# Mortar Colour Samples



## oxygenrace (Jan 15, 2013)

Tscarborough said:


> 3/8" plastic channel is what most samples are made in. You make a 6 or 8 foot section, then saw them down to 3-4" long. At 3/8" you can put them between two brick/block/rock, because looking at the mortar alone is a waste of time for final choice, it needs to be shown WITH the material it is being used with.


yes, i have seen those. I tried aluminum U channel which worked well but again came out too light, mainly because the metal would heat up in the summer i think.


if i could find some deep plastic channel that would be perfect, like 1" deep and 3/8' thick. Maybe drilling small holes in the bottom and sides would simulate the moisture leaving against the brick too. Maybe I am over thinking this whole thing!


----------



## oxygenrace (Jan 15, 2013)

fjn said:


> I do whatever it takes to talk a customer out of using mortar dye. Reasons being,it will weaken the mortar ever so slightly,the colors will change with day to day humidity changes,dampness of mortar at stiking changes color , however the biggest reason,colored mortar SHOULD NOT BE RETEMPERED EVER. If after all that explaining,if they still insist,i have them sign a disclaimer + all mortar discarded will be an surcharge.


good point. unfortunately, much of the work we do is repointing section of wall so we need to match the existing mortar. often the homes are old so there is lime involved and usually very course sand.

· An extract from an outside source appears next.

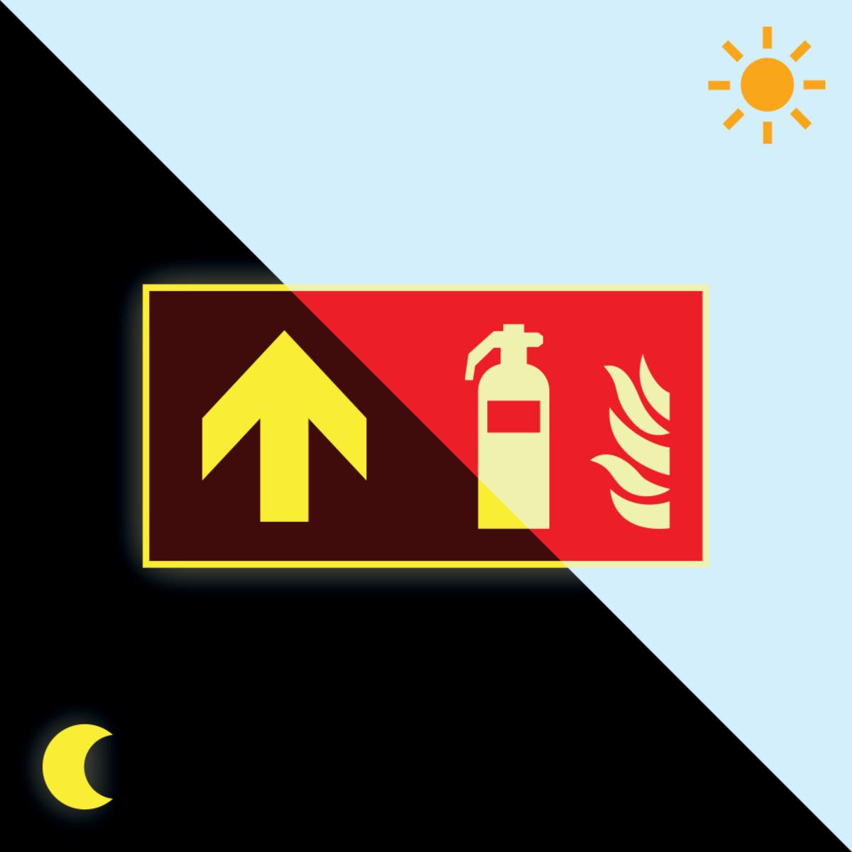 PERMALIGHT® power Kombi-Brandschutzzeichen nachleuchtend Feuerlöscher, Richtungspfeil oben ASR/ISO

If you use a sand that is not coarse enough the colour is too uniform and the match is not great. We often try and persuade the client to repoint larger sections so the match is not as critical. I have seen some pretty bad jobs out there!


----------



## Tscarborough (Feb 25, 2006)

The only way to get accurate color samples will be to use the mud with the materials you are laying, period. Everything else is an approximation.


----------



## oxygenrace (Jan 15, 2013)

Tscarborough said:


> The only way to get accurate color samples will be to use the mud with the materials you are laying, period. Everything else is an approximation.


good point. thanks


----------



## dom-mas (Nov 26, 2011)

oxygenrace said:


> yes, i have seen those. I tried aluminum U channel which worked well but again came out too light, mainly because the metal would heat up in the summer i think.
> 
> 
> if i could find some deep plastic channel that would be perfect, like 1" deep and 3/8' thick. Maybe drilling small holes in the bottom and sides would simulate the moisture leaving against the brick too. Maybe I am over thinking this whole thing!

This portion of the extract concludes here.